Я обхватил его обеими руками и, развернувшись вместе с ним, сильно толкнул. Он упал навзничь, спиной на землю. Крылья распластались и с размаху шлепнули по крышам машин. Завопила сигнализация. Я не удержался на ногах и упал рядом. Он поднялся быстрей меня и уже собирался пуститься наутек. Пихнул его обеими руками. Снова повалились оба.

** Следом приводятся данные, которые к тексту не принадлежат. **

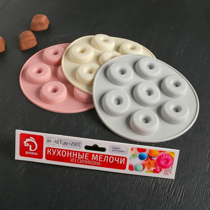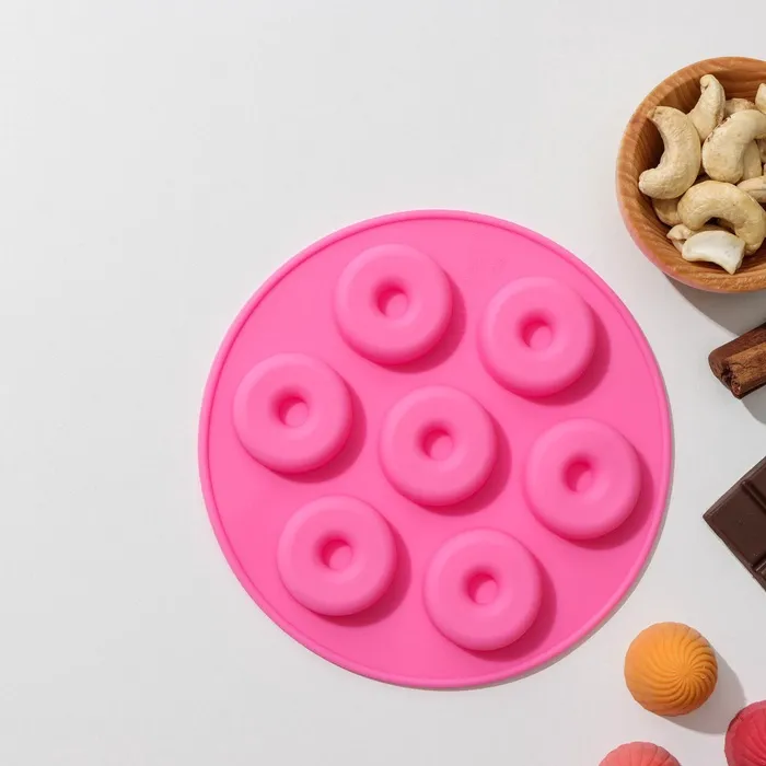 Форма для шоколада Доляна «Пончики», силикон, 15.5×1.3 см, 7 ячеек, МИКС — Характеристики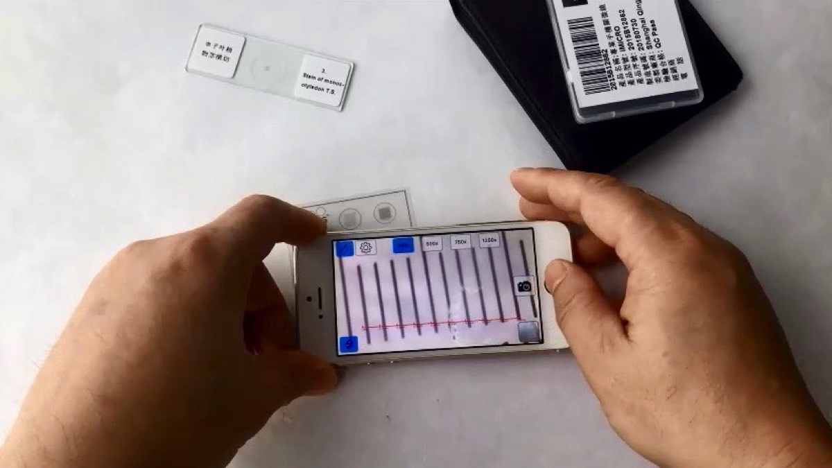 QingYing E&T社が開発する、スマホのレンズに装着する指先サイズの顕微鏡「iMicro」。最大800倍ズームに対応しており、スマホのレンズでは見ることのできないマイクロメートルの世界を見ることができる。

Сработало еще несколько сигнализаций.

Он сидел, опираясь руками на землю позади себя, часто и громко сопел. Я сгреб его за ворот, потянул, еще раз поражаясь, как от него разит мочой и подворотней, и дернул что есть силы в другую сторону.

– Ангел, да? Ангел?!

Он упрямо молчал. Молчал и отводил взгляд каждый раз, когда я пытался посмотреть ему в глаза.

– А ну брось, урод! – кричали откуда-то сверху. – Сейчас же брось! Сейчас в милицию позвоним!

Он уползал от меня за колесо «КамАЗа». Я дышал так же тяжело, как и он. Теперь, наверное, и от меня будет пахнуть бомжатиной. Захлебываясь и перекрикивая друг друга, верещали и выли сигнализации. Другой голос, поближе, грозился спустить на меня собаку. Теперь я мог идти к Марии, никто не помешает.

Она сидела возле подъезда на большой перетянутой скотчем коробке. Сзади стояли коробки поменьше, потертая спортивная сумка. У ее ног лежал бумажный китайский зонт.

Заметив меня, Мария удивленно всплеснула руками. Я подошел.

– Вот так явление! – сказала она. – Присаживайся, – и подвинулась на край коробки.

Я сел рядом. Я волновался.

– Ты что тут на коробках?

Она снова всплеснула руками:

– Нет, ну надо же, ты заявился – вот именно сейчас. Ты куда вообще пропал-то? Не звонил.

– К отцу ездил.

– Далеко?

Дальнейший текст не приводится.